The contradiction of blossom and thorn.
The rose plays the same role in the West that the lotus plays in the Orient. Both blossom, producing many thousands of petals, and represent the highest stage of consciousness.
The rose is often a symbol of the self. As a well-known symbol of love, it points to the dreamer’s feeling of security and suggests that he should be more open to love.
The Greek word rodor for rose came from the ancient Greek word for “flowing,” which may have been coined to convey the flow of fragrance from this flower. But this never-ending flow of fragrance from the rose also shortens its life, causing it to wilt rapidly. Because this magnificently flowering, fragrant blossom wilts so fast, it is also considered a symbol of death.
The rose also points to the world beyond, which is the reason that the Catacombs in Rome are decorated with garlands of roses.
The rose also is the harbinger of death in the Oraclesy and it is reported that a few days before their death, bishops would find a white rose on their chair.
The belief in the death-announcing rose has influenced customs in England and Germany, where people have been reluctant to bring roses to a sick person. And if a rose bush produced a green rose—that is, when the petals turned green—as English folklore had it, a family member would die.
It is not only in England that the rose is connected with death. As far back as ancient Rome, every year a festival of the roses was celebrated where the dead were honored. Graves were decorated with wreaths made from roses.
Since time immemorial, what happens in the presence of the rose is not talked about. In antiquity, when a rose was suspended above the table, the meal was taken “sub rosa,” as it was called then, which means that absolutely nothing from the conversation was repeated after the meal.
The early Christians took up this symbolic tradition: the presence of a rose indicated that silence was to be observed when heathens were among them.
The rose as the symbol for silence continued into the 18th century, when, for instance, wooden roses were carved into the woodwork of the confessional and roses were also included in the stucco of the halls of the court.
The rose, like the lotus, is considered the perfect flower, which is one of the reasons why the Christian Church declared it to be the image of wisdom. This was instrumental in the rose becoming a symbol of Christ. Mary is also depicted as a rose, but a rose without thorns, because in Christian symbolism the thorns of the rose indicate sin, and Mary was free of sin.
The rose has something very mystical about it. Praying the rosary is considered meditation.
The Sufis pray with a drop of rose fragrance dabbed on the area of the “third eye,” because it is said that the rose cleanses and strengthens the spirit. In ancient Greece a wreath of roses was already thought to strengthen the mind.

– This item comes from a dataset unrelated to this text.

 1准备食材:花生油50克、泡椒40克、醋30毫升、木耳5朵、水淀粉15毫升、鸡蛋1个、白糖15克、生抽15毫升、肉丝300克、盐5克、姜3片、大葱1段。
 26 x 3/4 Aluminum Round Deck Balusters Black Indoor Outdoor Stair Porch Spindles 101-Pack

The Roman Emperor wore a wreath of roses for the same reason. Romans wore wreaths made from roses during decadent outdoor feasts, because they hoped the roses would minimize the effects of too much drinking.

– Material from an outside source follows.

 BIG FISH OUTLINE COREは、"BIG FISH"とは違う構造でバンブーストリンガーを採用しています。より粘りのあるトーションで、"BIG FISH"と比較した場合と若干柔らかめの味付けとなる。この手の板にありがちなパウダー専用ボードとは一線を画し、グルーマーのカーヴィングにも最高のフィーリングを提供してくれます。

The rose as the image of a clear mind was also known to the alchemists, who connected the rose to the idea of deliverance. In Dante’s Paradiso the small group of saved sinners is pictured in the form of a white rose above which angels circle like bees. That the way to salvation is possible only through love is perhaps the most important lesson of the rose, the flower originally dedicated to Aphrodite, goddess of love. But that the rose also symbolizes flesh and blood is seen in the fact that Dionysus also claimed the rose to be his.
Time and again we hear about a rose bush that never stops blooming; about rose branches in a vase that for 70 years produced white blossoms; and about how the food for the poor that, in the basket of saints, is transformed into roses.

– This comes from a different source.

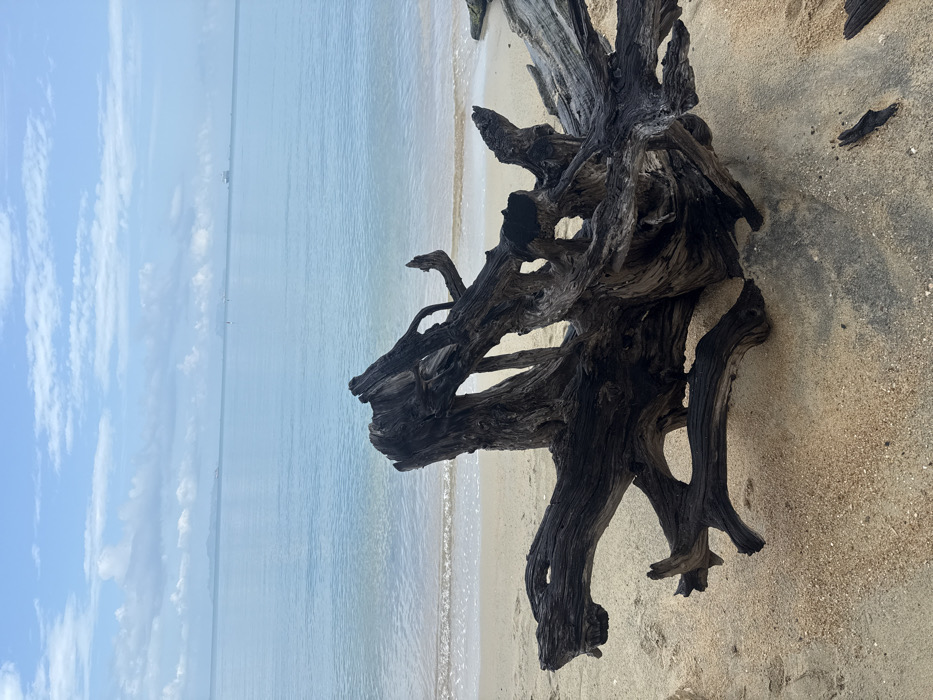 - "The scene depicts a large, dark, gnarled piece of driftwood positioned prominently on a light brown sandy beach in Tong Yang, Thailand" by FM-yKgTu2, licensed under CC BY 4.0

For those interested in the magic of the rose, we might also mention the Pentagram of the Rose.
If you connect the center of each petal with the center of the petal that comes after the next, you will form a pentagram, the foot of the Druids, the old magic figure that Faust wanted to use to overcome Satan.
The Greeks considered the long-lived, five-leaved rose bush, with the imprint of a pentagram, to be the symbol of the cycle of the Cosmos, which, according to Aristotle, is determined by the five elements (fire, water, earth, air, and ether). Also, the Rosicrucians see the rose as a symbol of hidden wisdom, using it as a symbol in their cross.
The color of the rose is also important.
A wilted rose is a sign of a relationship gone bad. According to Jung, the rose is always the symbol for wholeness, representing, in the form of the mandala, a symbol for the order of the world.